§ DATA:
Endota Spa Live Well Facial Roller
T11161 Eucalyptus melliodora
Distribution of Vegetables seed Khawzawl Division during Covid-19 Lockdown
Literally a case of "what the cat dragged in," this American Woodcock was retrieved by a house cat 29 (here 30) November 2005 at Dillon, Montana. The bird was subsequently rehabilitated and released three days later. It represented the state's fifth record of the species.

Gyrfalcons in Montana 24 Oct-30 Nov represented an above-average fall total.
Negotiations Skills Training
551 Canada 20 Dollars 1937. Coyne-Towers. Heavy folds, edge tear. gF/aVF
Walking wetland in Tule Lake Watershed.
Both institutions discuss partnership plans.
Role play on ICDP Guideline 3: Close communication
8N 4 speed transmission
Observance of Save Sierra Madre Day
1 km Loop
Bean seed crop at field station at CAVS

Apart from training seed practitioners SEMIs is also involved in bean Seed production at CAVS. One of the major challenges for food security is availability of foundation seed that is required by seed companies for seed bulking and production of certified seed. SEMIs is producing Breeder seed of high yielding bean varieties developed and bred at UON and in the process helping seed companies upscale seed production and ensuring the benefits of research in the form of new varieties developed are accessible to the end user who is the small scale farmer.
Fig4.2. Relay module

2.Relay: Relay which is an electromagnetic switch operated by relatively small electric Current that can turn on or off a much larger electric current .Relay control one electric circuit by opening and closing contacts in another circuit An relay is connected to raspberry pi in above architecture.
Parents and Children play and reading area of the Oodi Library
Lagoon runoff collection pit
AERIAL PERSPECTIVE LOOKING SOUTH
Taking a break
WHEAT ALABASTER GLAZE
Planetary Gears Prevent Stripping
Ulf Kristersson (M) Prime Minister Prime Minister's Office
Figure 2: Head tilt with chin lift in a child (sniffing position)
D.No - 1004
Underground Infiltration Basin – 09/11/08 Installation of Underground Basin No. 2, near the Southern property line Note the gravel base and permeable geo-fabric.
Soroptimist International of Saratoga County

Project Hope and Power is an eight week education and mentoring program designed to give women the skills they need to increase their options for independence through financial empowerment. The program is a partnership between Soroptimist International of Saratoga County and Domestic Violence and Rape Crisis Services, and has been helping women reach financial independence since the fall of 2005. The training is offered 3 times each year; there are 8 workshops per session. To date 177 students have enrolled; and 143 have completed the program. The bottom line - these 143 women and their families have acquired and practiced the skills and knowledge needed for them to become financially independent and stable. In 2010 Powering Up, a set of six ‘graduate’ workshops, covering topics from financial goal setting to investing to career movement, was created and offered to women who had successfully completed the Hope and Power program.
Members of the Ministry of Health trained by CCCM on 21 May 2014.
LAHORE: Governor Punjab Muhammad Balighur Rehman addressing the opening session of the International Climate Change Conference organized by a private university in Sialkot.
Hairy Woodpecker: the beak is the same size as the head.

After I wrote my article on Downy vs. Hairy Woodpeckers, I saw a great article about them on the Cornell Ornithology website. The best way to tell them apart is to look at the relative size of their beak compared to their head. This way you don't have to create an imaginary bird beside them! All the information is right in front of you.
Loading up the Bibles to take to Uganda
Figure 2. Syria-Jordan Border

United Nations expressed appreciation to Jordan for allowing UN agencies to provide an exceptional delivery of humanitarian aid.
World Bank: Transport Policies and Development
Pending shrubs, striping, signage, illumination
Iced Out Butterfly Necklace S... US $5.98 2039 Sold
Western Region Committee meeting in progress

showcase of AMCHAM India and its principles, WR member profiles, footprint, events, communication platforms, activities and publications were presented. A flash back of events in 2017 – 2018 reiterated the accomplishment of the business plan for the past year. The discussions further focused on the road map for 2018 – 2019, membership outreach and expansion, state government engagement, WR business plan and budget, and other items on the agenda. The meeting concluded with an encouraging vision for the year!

§ DIRECTIONS: Beginning at the first line of the records, retype exactly every line up to and including the one with "Literally a case".

§ REPLY:
Endota Spa Live Well Facial Roller
T11161 Eucalyptus melliodora
Distribution of Vegetables seed Khawzawl Division during Covid-19 Lockdown
Literally a case of "what the cat dragged in," this American Woodcock was retrieved by a house cat 29 (here 30) November 2005 at Dillon, Montana. The bird was subsequently rehabilitated and released three days later. It represented the state's fifth record of the species.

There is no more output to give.